Besonders ältere Menschen haben ein höheres Risiko am Coronavirus zu erkranken. t-online.de hat bei Trägern und Einrichtungen nachgefragt, wie sich Deutschland darauf einstellt. Die Caritas hat eine wichtige Forderung an die Politik.

Die Angst vor einer Ansteckung mit dem Coronavirus betrifft derzeit besonders ältere Menschen. Wie das Robert Koch-Institut (RKI) mitteilt, ist das Risiko einer schweren Erkrankung ab einem Alter von 50 Jahren höher. Insbesondere ältere Menschen können, bedingt durch das weniger gut reagierende Immunsystem, nach einer Infektion schwerer erkranken. Da unspezifische Krankheitssymptome wie Fieber die Antwort des Immunsystems auf eine Infektion sind, können diese im Alter schwächer ausfallen oder fehlen. Dadurch gehen Erkrankte dann auch erst später zum Arzt.

Aber wie sieht die Situation in der ambulanten und stationären Pflege aus? Besonders wichtig ist derzeit, das Risiko einer Infektion zu mindern. Deshalb hat der Freistaat Bayern Angehörigen den Besuch in Alten- und Pflegeheimen untersagt. Zuvor hatte Bundeskanzlerin Angela Merkel gesagt, dass "wo immer es möglich ist, auf Sozialkontakte verzichtet werden" soll.

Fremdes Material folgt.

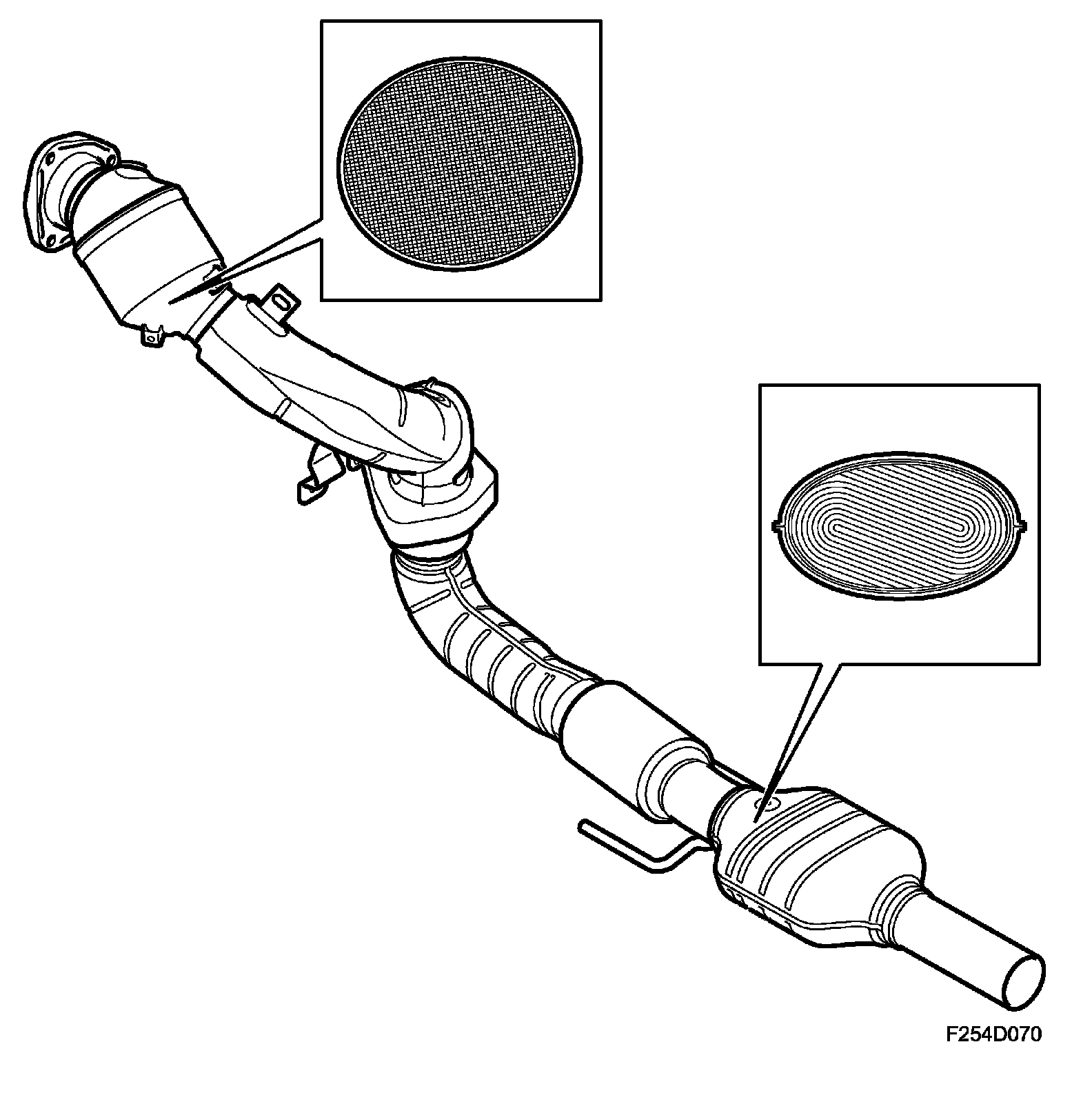 The car is equipped with two catalytic converters. One is located just downstream of the turbine outlet while the other is located under the car. The front catalytic converter has a ceramic carrier while the carrier of the rear one is metallic.
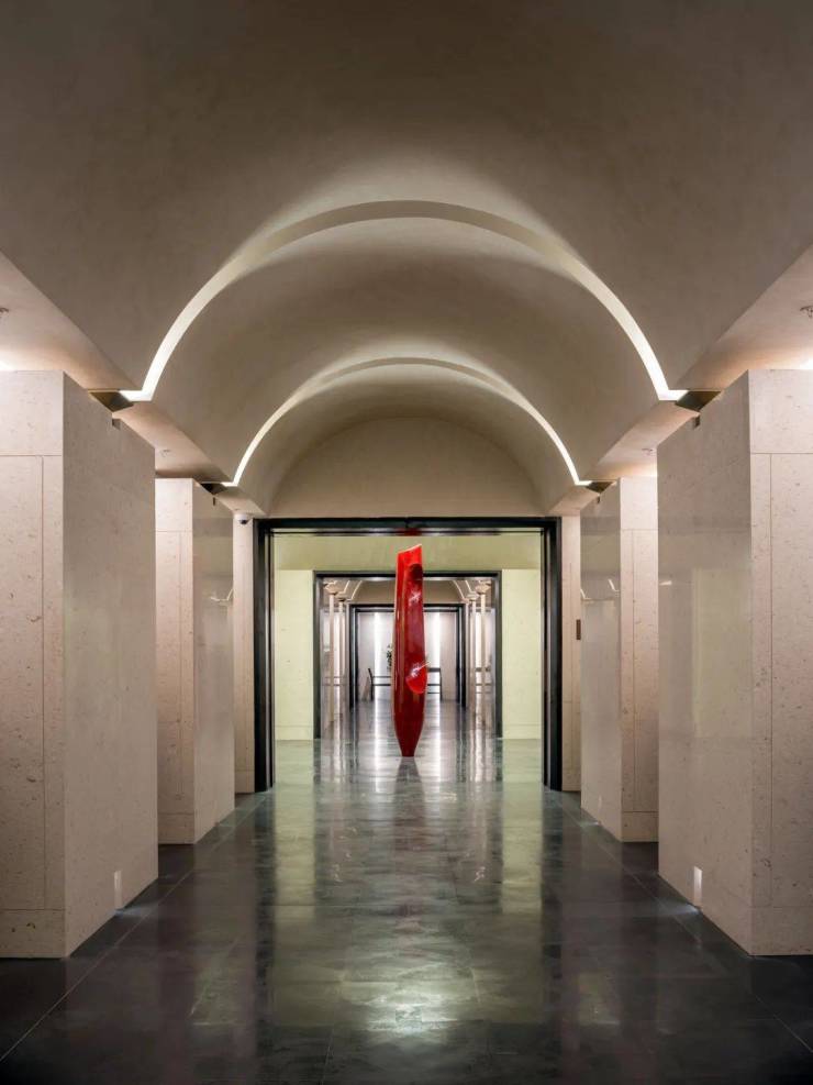 二楼的接待大厅,一尊拔地而起的红色雕塑,其顶部向上挑空到了三层。整个厅堂,都将不定期的进行展品更新,艺术气息浓郁。售楼处电话:400-880-7190

Das RKI hat für die Situation in Alters- und Pflegeheimen Verhaltensregeln veröffentlicht. Die wichtigsten Punkte:

  • Beim Auftreten von Atemwegserkrankungen oder fieberhaften Erkrankungen sollte eine Abklärung auf SARS-CoV-2 erwogen werden.
  • Mitarbeiter und Besucher mit akuten Atemwegserkrankungen sollten zu Hause bleiben.
  • Erkrankte Bewohner mit Atemwegserkrankungen oder fieberhaften Erkrankungen sollten nach Möglichkeit isoliert werden.
  • Wenn sie ihren Wohnbereich verlassen müssen, sollten sie einen Mund-Nasenschutz aufsetzen (sofern tolerierbar).
  • Hände-Desinfektionsmittel und Einmaltaschentücher sollten in allen Bereichen, auch den Wohnbereichen der Bewohner, bereitgestellt werden.
  • In der Pflege von Erkrankten mit Fieber- oder Atemwegserkrankungen sollte entsprechende Schutzausrüstung verwendet werden.
  • Schutzausrüstung und Hinweise zu deren Benutzung sollten unmittelbar vor den Wohnbereichen platziert werden.
  • Mülleimer zur Entsorgung von Einmalartikeln sollten im Innenbereich vor der Tür aufgestellt werden.
  • Bei Transfer in eine Einrichtung sollte eine Vorab-Information bezüglich Atemwegserkrankung oder einer COVID-19 verdächtigen Erkrankung erfolgen.

An diese Vorgaben halten sich viele große Träger, die Pflegeheime unterhalten. Der Bundesverband des Deutschen Roten Kreuzes (DRK) teilte mit, er orientiere sich bei einer Gefährdungslage älterer Menschen an die Vorgaben. Meist sind es Kreisverbände des DRK, die als Träger von Pflegeeinrichtungen mit der aktuellen Lage umgehen. Zur Unterstützung der Mitgliedsverbände würde eine bedarfsbezogene Handreichung erarbeitet, teilte Katharina Puche, Sprecherin des DRK Bundesverbands, mit. Auch der Arbeiter-Samariter-Bund Deutschland arbeite mit den Vorgaben des RKI. "Im Vordergrund stehen dabei Maßnahmen, die die Einhaltung der Hygienevorschriften sicherstellen", erklärte Alexandra Valentino, Sprecherin des ASB, t-online.de. Auch Mitarbeiter würden geschult, im Hinblick auf Übertragung, Ansteckungsgefahren und Symptome des Coronavirus. Jede Einrichtung habe zudem einen betrieblichen Pandemieplan, der an die Gegebenheiten in der jeweiligen Einrichtung angepasst werde, heißt es vom ASB.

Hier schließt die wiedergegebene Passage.